“That’s because of who you are, Vladimir. Much of Elysia fears you, fears what you are capable of.”
“What am I capable of?” The room grew silent. Vlad was taunting his uncle on purpose, baiting him, trying to get Otis to admit that there was even a tiny smidgeon of possibility lurking within the Pravus stories that Otis had deemed fairy tales. When his uncle refused to respond, Vlad met his gaze and said, “Otis, do you believe in the prophecy ... even a little bit?”
Obvious tension filled his uncle. He paused for a moment, as if summoning the courage to speak, or perhaps just putting the words together in his mind before speaking them aloud. “I cannot deny what I’ve been witness to over the past few years, but I refuse to believe that you are capable of enslaving the human race.”

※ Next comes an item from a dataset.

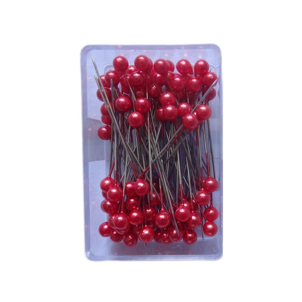 まち針 かわいい 耐熱 まちばり パッチワーク ソーイング用品 クラフト 手作り キルティング 待ち針 100本入り レッド

“Dorian said I’ll do that out of charity.”
“Dorian was a madman.”
Vlad’s jaw tightened. It was time to come clean and tell Otis the truth about what happened the night Dorian died. No matter what Otis might have to say about it. “What if I’m a madman now, Otis? What if you are?”
Otis met his gaze, his forehead lined with confusion. “What do you mean?”
With a deep breath, Vlad released words from his lips, words that he’d been holding in all summer long. “I drank from him. I drank from Dorian.”
Otis pursed his lips. He seemed angry, but Vlad wasn’t sure why exactly. Vlad had never promised his uncle that he wouldn’t feed from Dorian. In fact, Otis had never said anything about the subject at all. Still, his uncle looked like he’d been betrayed in the worst way. “And you wonder why you’re seeing visions of your father?”
Vlad tried hard to ignore that. Even though it stung, especially coming from his uncle.
He counted two heartbeats, then a third. After a deep breath, he met Otis’s eyes again, calm.
Well, mostly calm, anyway.
“We both drank his blood, in some manner. I drank his, you drank his son Adrian’s. What’s the difference? Because I really don’t see it. If it’s so bad that I did it, then you’re just as guilty.” He hadn’t raised his voice, not quite, but his tone was defiant. Otis was acting like he was ashamed of Vlad’s actions. But really, when it came down to it, crazy or not, Vlad was glad he drank from Dorian, glad that he honored a dying vampire’s final wish.
Even if it did make him hallucinate things that could not possibly be.
Otis’s face flushed pink, but only for a second. He tossed the wadded up map into the recycling bin. “I made a huge mistake, Vladimir. A drunken, stupid, imbecilic mistake born of pain and loss. I was mourning your father and blood-drunk and stupid enough to listen to Dorian. But you ... what were you thinking? You’re better than me-so much better than me. And now...”
Otis shook his head sadly. “His blood ... it taints people.”
“He told me to do it.” Vlad held his uncle’s gaze, determined. “And I trusted him. So I drank.”
Otis’s eyes widened in surprise. Something else lurked there too. Betrayal, maybe. Maybe regret. But Vlad wasn’t certain why. He knew that Otis hadn’t trusted Dorian and that Otis had wanted to protect Vlad from him, but he wasn’t at all certain he trusted his uncle’s motives. In fact, he was a bit concerned that maybe Otis had wanted him to stay away from Dorian to ensure that Vlad wouldn’t entertain any idea at all that he was the Pravus. After all, to this day Otis was still in denial about Vlad’s status. Maybe he was afraid of it. And if that were true, then maybe he was afraid of Vlad.
Otis sighed in frustration and defeat. “But why? Why did you listen to him? How could you trust Dorian?”
Vlad chose his words carefully and spoke them crisply so that Otis could not shut them out of his doubting, fearful mind. “Because he’s the Keeper of the Prophecy, Otis. And I’m the Subject of that prophecy.”